Forget happy snaps, lazing on tropical beaches and rowdy cocktail sessions, the newest travel trend is eerie and Aussies need not travel to Chernobyl to take part in dark tourism.

From exploring execution sites in China, to earthquake ruins in Nepal, death camps in Korea, the lawless walled city inside Hong Kong, and the Khmer Rouge killing fields, dark travel has become big business.

The Ukraine has seen a surge in tourism to its infamous nuclear meltdown zone due to the hit HBO drama Chernobyl. Meanwhile, many curious travellers in Asia are bypassing temples, markets and museums to visit locations with sinister histories and learn about the war, natural disasters and civil unrest behind them. Paying respect to their sombre backstories is crucial when visiting these following dark tourism sites.


It was one of the most densely populated places the world has ever seen.

It was wild, dangerous, practically lawless and largely ignored by the Hong Kong Government — the City of Darkness.

That was the alarming moniker Hong Kong locals gave to a huge housing complex in Kowloon that was rife with drug dens, brothels and illegal gambling houses, all controlled by the vicious Chinese organised crime group known as the Triads.

At its peak in the early 1990s, more than 30,000 people resided in the City of Darkness, living in squalor among hundreds of decrepit, interconnected apartment blocks. It was such a treacherous place that even most police and Government officials refused to enter.

Finally, in 1994, the complex was demolished and replaced the following year with a beautiful park, which many tourists now visit to read plaques that detail the location’s sordid history.


I’ve had to stop reading. The board in front of me contains information about actions so heinous, so abhorrent that my stomach is suddenly churning. One particular detail I just read I hope to forget as soon as possible because never in my life have I imagined something imbued with such evil.

In the late 1970s, Cambodia’s Khmer Rouge Communist party committed genocide. They executed up to 2.5 million people in less than four years — close to one-third of the country’s population. They completed this reign of terror at the same time many of you reading this were enjoying a peaceful existence in a lucky country.

Choeung Ek Genocidal Center attracts hundreds of thousands of Western tourists a year — people who have largely had privileged lives. That’s a very good thing because this centre is the ultimate reality check. It will change you.


Locked up in a tiny cell, the two women are frozen in time before me, holding hands as they try to help each other from having their spirits broken by their Japanese tormentors. It was in this same jail, where these two statues are placed, that hundreds of South Korean prisoners were killed, many of them tortured to death.

Seodaemun Prison History Hall is a former jail which was converted into a museum detailing this haunting period in South Korea’s history during the first half of the 20th century when the country was under Japanese rule.

The prison was built by the Japanese as a place to detain and torture Korean freedom fighters.
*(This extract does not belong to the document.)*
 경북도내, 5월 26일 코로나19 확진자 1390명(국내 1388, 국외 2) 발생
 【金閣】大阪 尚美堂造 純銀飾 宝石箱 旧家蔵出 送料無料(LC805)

Visitors to this site can enter original cells and execution rooms and read plaques which detail the misery of this complex.


At the same time Japanese fighters were committing atrocities in Seodaemun Prison, Chinese soldiers were doling our similarly harsh treatment 2,000km away. When I arrive at Zhazidong Prison, on the outskirts of Chongqing city in southwest China, I find hundreds of mostly Chinese tourists flowing in and out of this former concentration camp.
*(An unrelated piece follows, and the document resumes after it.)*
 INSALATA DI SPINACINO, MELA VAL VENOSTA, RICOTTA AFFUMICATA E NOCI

Set up secretly in 1943 by the Chinese Nationalist Party, called the KMT, this hidden prison was built into a hillside amid dense forest. The KMT was seeking to crush China’s Communist Revolution movement and so imprisoned, tortured and killed hundreds of revolutionaries at Zhazidong in the 1940s. The camp now acts as a museum, with visitors able to see its cells and even an evil torture chamber.


It is more than four years since Nepal was devastated by a massive earthquake that killed nearly 9,000 people, caused more than 20,000 injuries and damaged thousands of buildings, including historic temples and palaces. Yet the country is still trying to rebuild from this natural disaster due not just to the extent of the carnage, but also because of its limited infrastructure and its status as one of Asia’s poorest nations.

Tourism is crucial to Nepal’s economy and travellers are helping the country recover by pumping money into its hospitality sector, donating to earthquake recovery funds, and joining guided tours of badly affected areas like Bhaktapur. About 20 per cent of Bhaktapur’s buildings were razed by the earthquake but, amid this destruction, survived a host of stunning ancient structures like the amazing 300-year-old Nyatapola Temple.